Josh5: The Image RDF has altered after speaking with Vlado and making the resource for the image the online jpg:

    <http://collection.britishmuseum.org/id/object/PDO11441> crm:P138i_has_representation <http://www.britishmuseum.org/collectionimages/AN00563/AN00563759_001_l.jpg>.
    <http://www.britishmuseum.org/collectionimages/AN00563/AN00563759_001_l.jpg> crm:P105_right_held_by thesIdentifier:the-british-museum;
                                                                                 crm:P3_has_note """The Libyan Sibyl, study for a pendentive; seated to front, her right arm resting on an unseen surface. c.1738
Black and white chalk, on two conjoined sheets of grey paper""";
                                                                                 crm:P48_has_preferred_identifier <http://www.britishmuseum.org/collectionimages/AN00563/AN00563759_001_l.jpg/id>;
                                                                                 a crm:E38_Image.
    <http://www.britishmuseum.org/collectionimages/AN00563/AN00563759_001_l.jpg/id> crm:P2_has_type <http://collection.britishmuseum.org/id/thesauri/identifier/assetid>;
                                                                                    crm:P3_has_note "Asset ID :: 563759";
                                                                                    a crm:E42_Identifier;
                                                                                    rdfs:label "563759".

Asset ID is also stored as an Identifier.

Image Renditions in Varying Size

BM Response:
We have recently altered the way in which we're displaying the images in different sizes.  The *l* image will remain, but we will be getting rid of the m & s files as we have a new way in which to display the images to save on space e.g.:

More Problems in the New Mapping

Problems of the new mapping, found in one file P&D_133.ttl, converted from P&D_133.rdf using any23:

Labels

Martin recommends using rdfs:label as a good Linked Open Data practice, but:

  • the CRM SIG needs to make a recommendation on this
  • are we abolishing P3_has_note altogether? Eg why do you use it for crm:E54_Dimension, instead of rdfs:label?
  • shouldn't we also replace crm:P90_has_value with rdf:value?

I'll try to raise the above to the CRM SIG.

Currently decided principles:

  • rdfs:label: primary string label of a node, eg object title, artist name
  • skos:prefLabel: primary string label of a SKOS thesaurus node. (This is a sub-property, so it infers rdfs:label).
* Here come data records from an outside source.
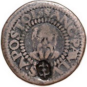 Los-Nummer: Auktion 51 - 1206 Altdeutsche Münzen und Medaillen Münster, Domkapitel Dickabschlag von den Stempeln des Cu Pfennig 1591 in doppeltem Gewicht. Mit Gegenstempel Doppellilie (Schmiesing) auf der Vorderseite. Weinrich 21 b, Weingärtner 29. 3,07 g. Äußerst selten. Fast sehr schön Schätzpreis: 200,- Zuschlag: 160,- |
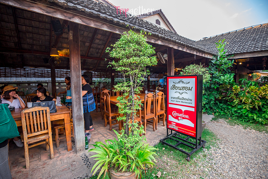 เสร็จสรรพก็เดินทางออกจากหอศิลป์ริมน่าน มาทานอาหารเย็นกันที่ เฮือนฮอม ร้านอาหารเมืองน่าน
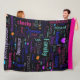 The world's coziest and most personal gift! This custom word cloud blanket is made of high-quality sherpa fleece. It features a beautiful neon design with inspirational words like "Laughter," "Family," and "Strength." Perfect for home decor, gifting, or snuggling on the couch. Order now for a touch of warmth and personality!
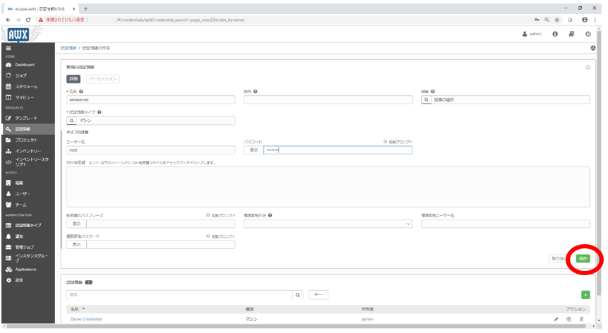 AWXから各構築対象のサーバに対してのログイン方法を設定します。
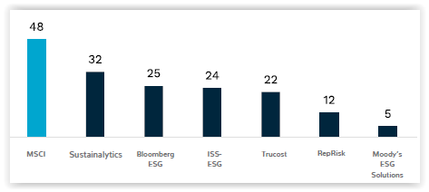 Investors predominantly use MSCI, Sustainalytics, Bloomberg ESG, and ISS-ESG ratings providers. Just 14 investors don’t use or disclose which ESG Ratings and Research providers they use.
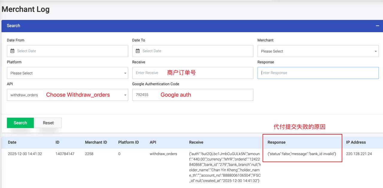 - False – Daily Limit Reach → Check Merchant List → Bank Details → Payout Limit + 40%.→ Ask the merchant to resubmit.
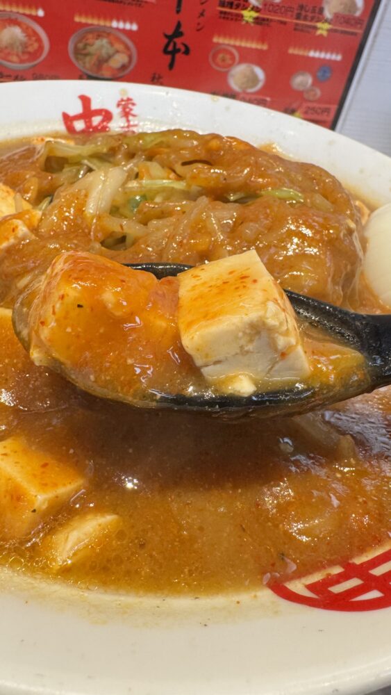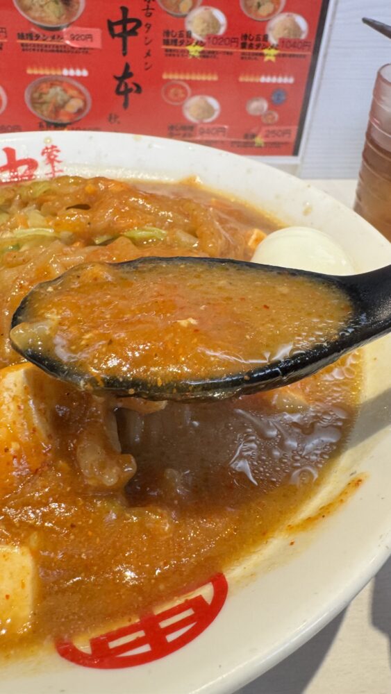 ▲スープはピリ辛な味噌。麻婆餡が入ると、とろみと辛味がレベルアップして美味しい。
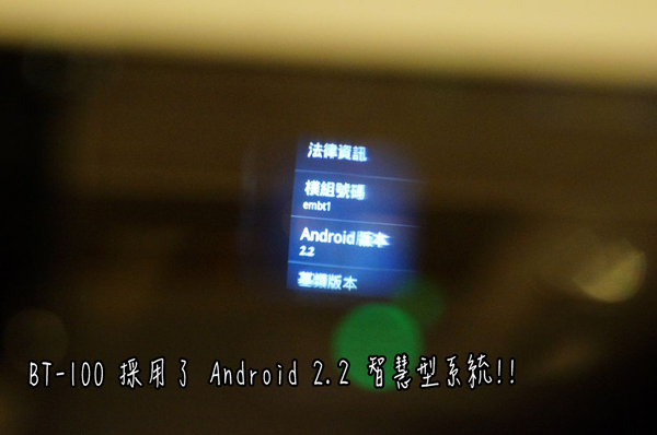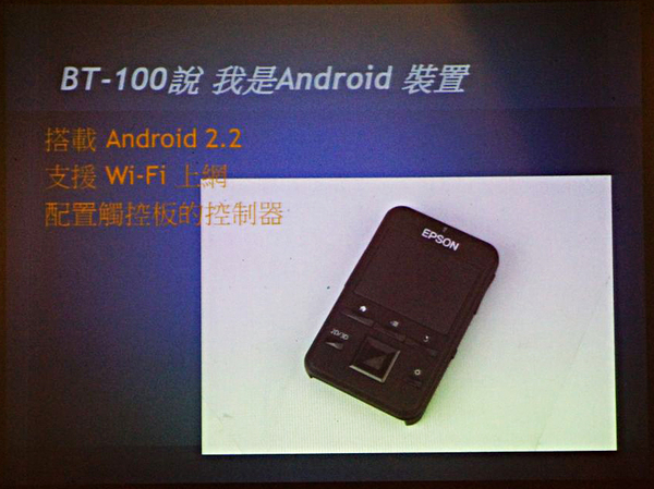 ▲BT-100的作業系統採用的是 Android 2.2,以智慧型主打的話這是稍稍有點過時了,希望 EPSON 團隊能盡快推出至少到 Android 2.3 的更新檔! 不過我實際使用起來還是蠻順暢不卡頓,所以這主要影響的是使用者爽度問題了,呵呵!

Note, this should only be used for skos:Concept, and NOT skos:ConceptScheme.
  • crm:P3_has_note: any additional label/note
  • bmo:PX_display_wrap: used for redundant textual representation of structured RDF and can be ignored.

Current status:

  • BM uses rdfs:label
    • Why use bmo:PX_inscription_content and not simply rdfs:label?
  • Rembrandt uses P3_has_note

Dates

  • P82/a/b: remove the blank node, use just the literal year. And xsd:gYear should be attached as a type, not as a property!
    <object/PPA41937/acquisition/date> a crm:E52_Time-Span ;
      crm:P82_at_some_time_within _:node16qlkcjibx31086583 .
    _:node16qlkcjibx31086583 xsd:gYear "2003" .
    

    Should be this (but I don't know the RDF/XML syntax)
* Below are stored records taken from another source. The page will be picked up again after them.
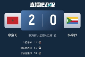 体育资讯12月22日讯 非洲杯揭幕战,摩洛哥2-0击败科摩罗。
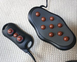2分で脊椎(せきつい)をスキャンし、その人に最もふさわしいプログラムを自動で提供する。ベッド内蔵のローラーが上下しつつ動き、脊椎を整える。動作の強さは9段階から選択でき、腰痛や内臓の不調など症状に応じてコースを選べる。V4にはヒスイや黄土を用いたバイブレーターの腹部用(写真左下の右)とハンディー用(同左)も付属し、加熱・振動して心地良い刺激を与える。内臓や気になる場所を温めつつゆっくり過ごせる。
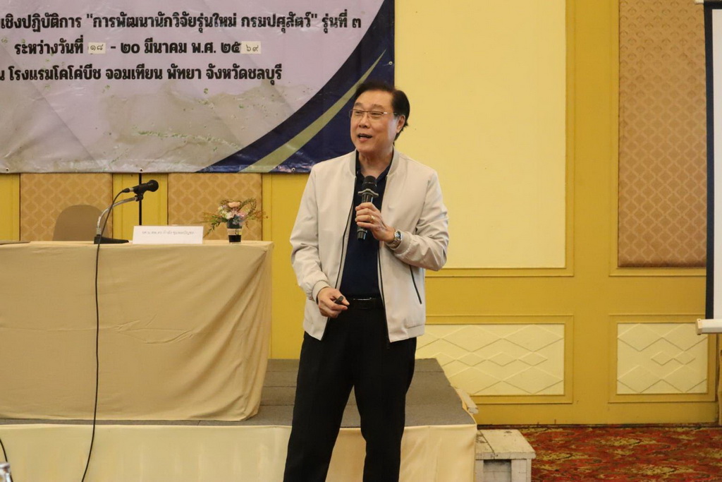 วันที่ 18 - 20 มีนาคม 2569 นางสาวเยาวนิตย์ บุรีรักษา ปศุสัตว์เขต 4 มอบหมายให้เจ้าหน้าที่ส่วนส่งเสริมและพัฒนาการปศุสัตว์ สำนักงานปศุสัตว์เขต 4 เข้าร่วมโครงการอบรมเชิงปฏิบัติการ หลักสูตร "การพัฒนานักวิจัยรุ่นใหม่ กรมปศุสัตว์" รุ่นที่ 3 ณ โรงแรมโคโค่บีช จอมเทียน พัทยา จังหวัดชลบุรี เพื่อพัฒนาองค์ความรู้และเสริมสร้างทักษะการเขียนงานวิจัยให้มีประสิทธิภาพมากยิ่งขึ้น
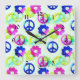 Groovy Hippie Peace Signs Flower Power Aqua Square Wall Clock

    <object/PPA41937/acquisition/date> a crm:E52_Time-Span ;
      crm:P82_at_some_time_within "2003"^^xsd:gYear.
    

    BM Response
    The RDF/XML way in which to do this is:

<crm:P82_at_some_time_within rdf:datatype="http://www.w3.org/2001/XMLSchema#int">2003</crm:P82_at_some_time_within>

The RDFer has been altered to do this.

  • you emit all of P82, P82a, P82b. However in this way we don't know which to display.
    If only a year is present in the data, emit only P82. As explained in Rembrandt Mapping Review, that's enough for searching

Dimensions

  • You should add a type: "106.00"^^xsd:double.
    Note: 106.00 means xsd:decimal, but I think we want xsd:double
  • Display wrap of dimension
    <object/PPA41937/height> rdfs:label "Dimension :: 278.00 ::"
    • I think you need to concretize: "Height :: 278.00 ::"
    • Better yet if you can emit one note for both dimensions, at the object level:
      <object/PPA41937> P3_has_note "Dimension :: 278.00 x 85.00 cm ::"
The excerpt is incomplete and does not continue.